Egress IP in OpenShift 4
Egress IPs is an OpenShift feature that allows for the assignment of an IP to a namespace (the egress IP) so that all outbound traffic from that namespace appears as if it is originating from that IP address (technically it is NATed with the specified IP).
So in a nutshell, it is used to provide an application or namespace the ability to use a static IP for egress traffic regardless of the node the workload is running on. This allows for the opening of firewalls, whitelisting of traffic, and other controls to be placed around traffic egressing the cluster.
The egress IP becomes the network identity of the namespace and all the applications running in it. Without egress IP, traffic from different namespaces would be indistinguishable because by default outbound traffic is NATed with the IP of the nodes, which are normally shared among projects.

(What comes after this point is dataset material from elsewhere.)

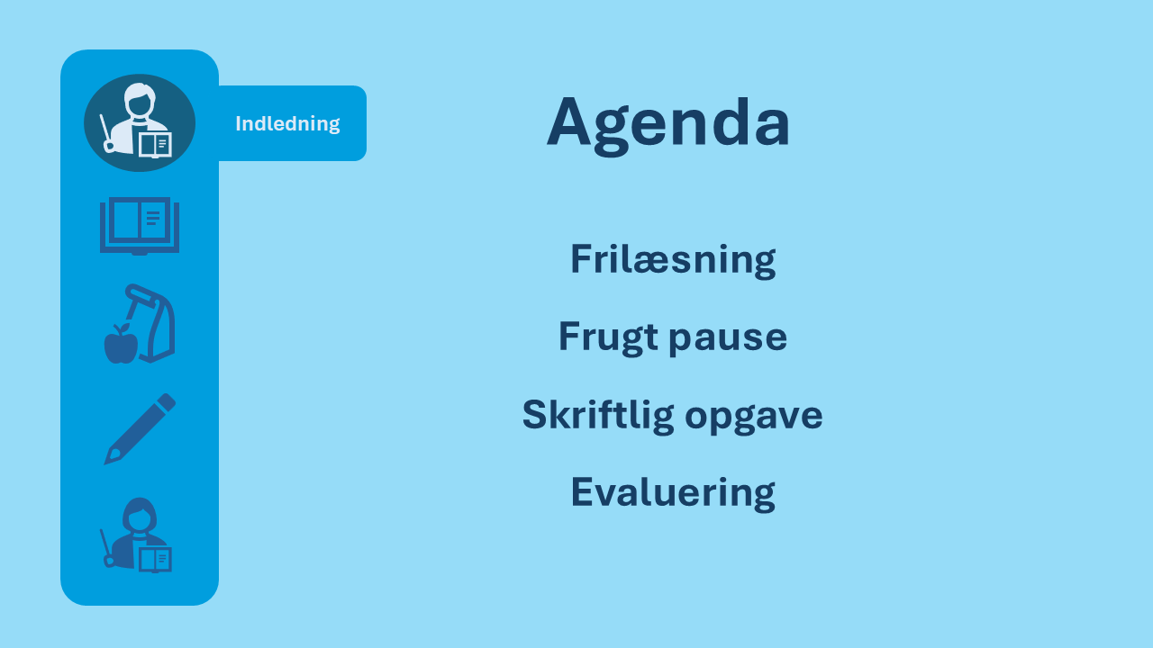 En skabelon der ligger op til frilæsning, frugt pause, skriftlig opgave og evaluering.

While this process is slightly different from cloud vendor to vendor, Egress IP addresses are implemented as additional IP addresses on the primary network interface of the node and must be in the same subnet as the node’s primary IP address.
Depending on the SDN that you are using, the implementation of the EgressIP is slightly different, and in this blog post we will cover two SDN implementations that are shipped and fully supported in OpenShift (and are the most broadly used): OpenShift SDN and OVN Kubernetes CNI Plugin.
Set up some prerequisites
But first we need to check the default behaviour and set up a scenario to debug and trace our workloads’ source IPs and the flow between the pods/containers of our workloads and the external resources outside of the cluster.
For tracing purposes and to simulate external resources being requested from the workloads inside the OpenShift cluster, we will set up a simple httpd web server and monitor the source IP in the access logs of the web server when we make requests from our workloads.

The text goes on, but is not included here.